§ **Problem to work on**:
Write out each line of the material exactly as given, and drop the images.

(The data Opens)

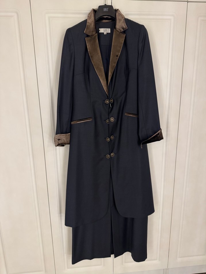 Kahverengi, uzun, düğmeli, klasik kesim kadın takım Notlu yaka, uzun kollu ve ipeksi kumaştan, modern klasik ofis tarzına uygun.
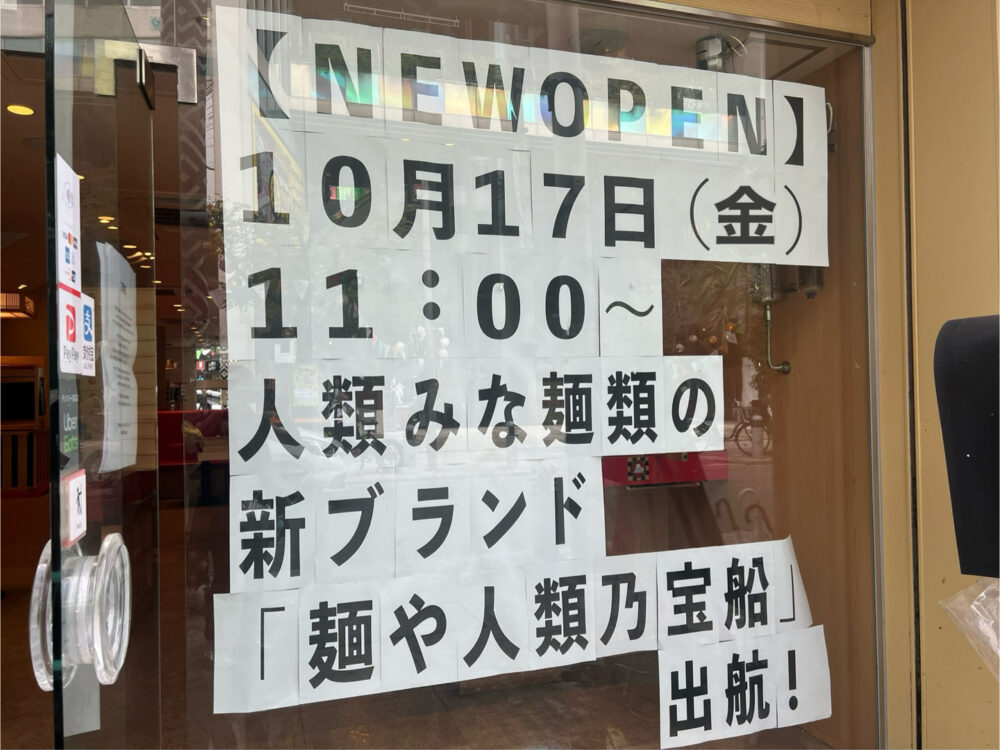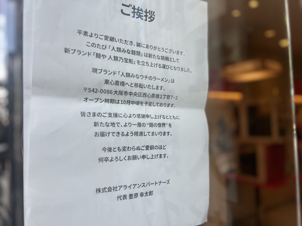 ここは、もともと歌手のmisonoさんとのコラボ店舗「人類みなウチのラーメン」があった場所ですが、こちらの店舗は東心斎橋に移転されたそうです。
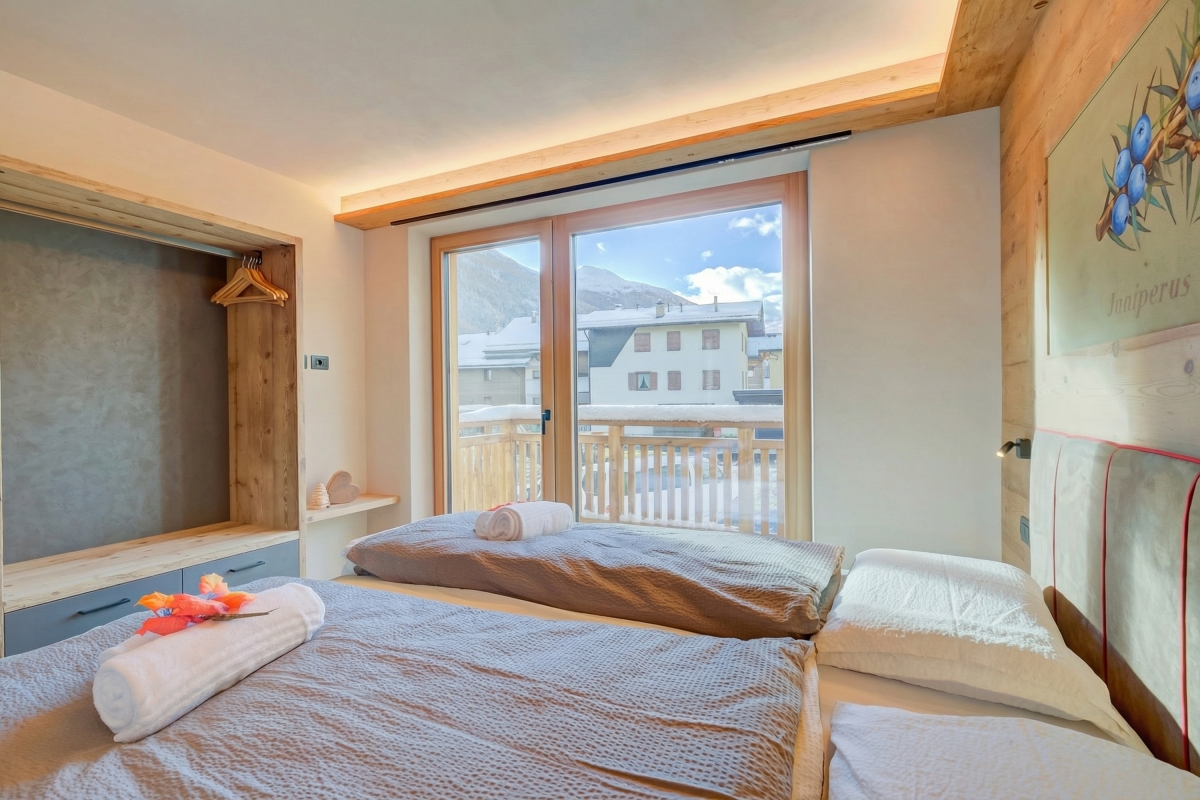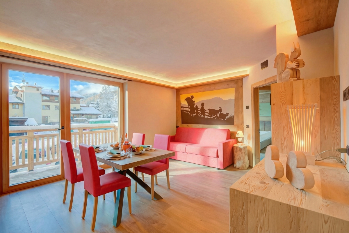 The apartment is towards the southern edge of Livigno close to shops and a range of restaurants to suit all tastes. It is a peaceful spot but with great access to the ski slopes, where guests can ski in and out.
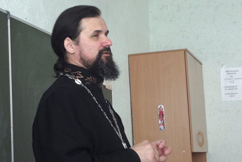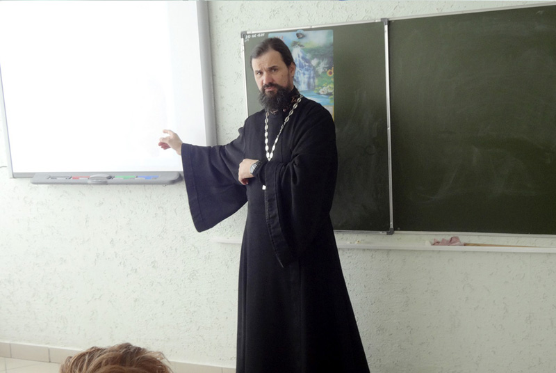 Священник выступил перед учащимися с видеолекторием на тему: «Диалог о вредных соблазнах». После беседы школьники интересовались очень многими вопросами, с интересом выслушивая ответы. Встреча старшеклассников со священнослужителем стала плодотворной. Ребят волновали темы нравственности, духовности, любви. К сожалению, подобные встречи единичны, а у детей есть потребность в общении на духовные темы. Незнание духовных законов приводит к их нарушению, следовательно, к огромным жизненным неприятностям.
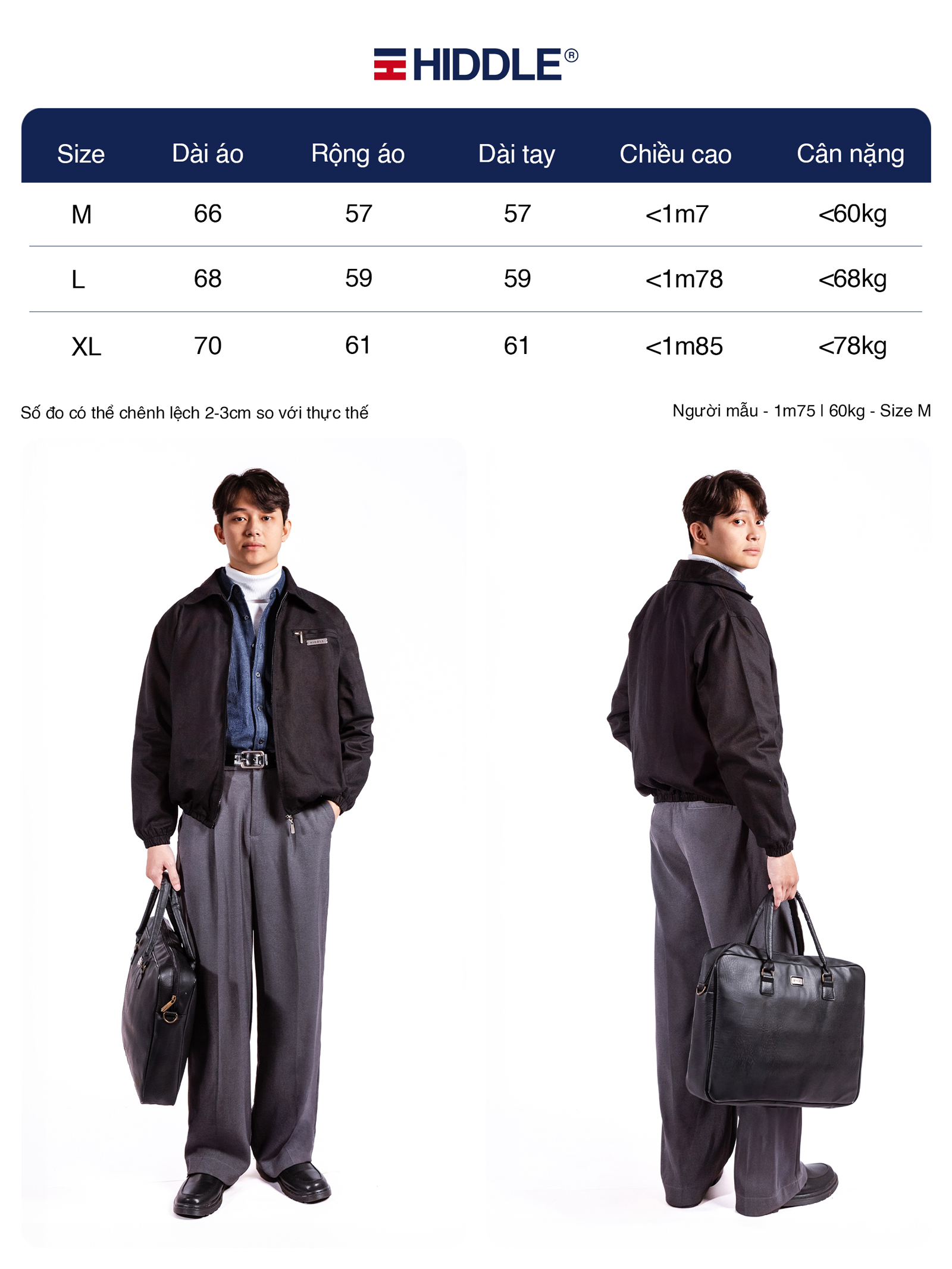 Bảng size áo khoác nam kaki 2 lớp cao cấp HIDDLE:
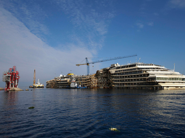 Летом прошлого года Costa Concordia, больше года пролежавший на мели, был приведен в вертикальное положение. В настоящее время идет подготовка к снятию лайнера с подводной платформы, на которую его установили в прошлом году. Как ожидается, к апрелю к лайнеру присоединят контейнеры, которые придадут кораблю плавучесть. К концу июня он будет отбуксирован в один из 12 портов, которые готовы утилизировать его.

(The data Closes)

§ **Answer box**:
 Kahverengi, uzun, düğmeli, klasik kesim kadın takım Notlu yaka, uzun kollu ve ipeksi kumaştan, modern klasik ofis tarzına uygun.
 ここは、もともと歌手のmisonoさんとのコラボ店舗「人類みなウチのラーメン」があった場所ですが、こちらの店舗は東心斎橋に移転されたそうです。
 The apartment is towards the southern edge of Livigno close to shops and a range of restaurants to suit all tastes. It is a peaceful spot but with great access to the ski slopes, where guests can ski in and out.
 Священник выступил перед учащимися с видеолекторием на тему: «Диалог о вредных соблазнах». После беседы школьники интересовались очень многими вопросами, с интересом выслушивая ответы. Встреча старшеклассников со священнослужителем стала плодотворной. Ребят волновали темы нравственности, духовности, любви. К сожалению, подобные встречи единичны, а у детей есть потребность в общении на духовные темы. Незнание духовных законов приводит к их нарушению, следовательно, к огромным жизненным неприятностям.
 Bảng size áo khoác nam kaki 2 lớp cao cấp HIDDLE:
 Летом прошлого года Costa Concordia, больше года пролежавший на мели, был приведен в вертикальное положение. В настоящее время идет подготовка к снятию лайнера с подводной платформы, на которую его установили в прошлом году. Как ожидается, к апрелю к лайнеру присоединят контейнеры, которые придадут кораблю плавучесть. К концу июня он будет отбуксирован в один из 12 портов, которые готовы утилизировать его.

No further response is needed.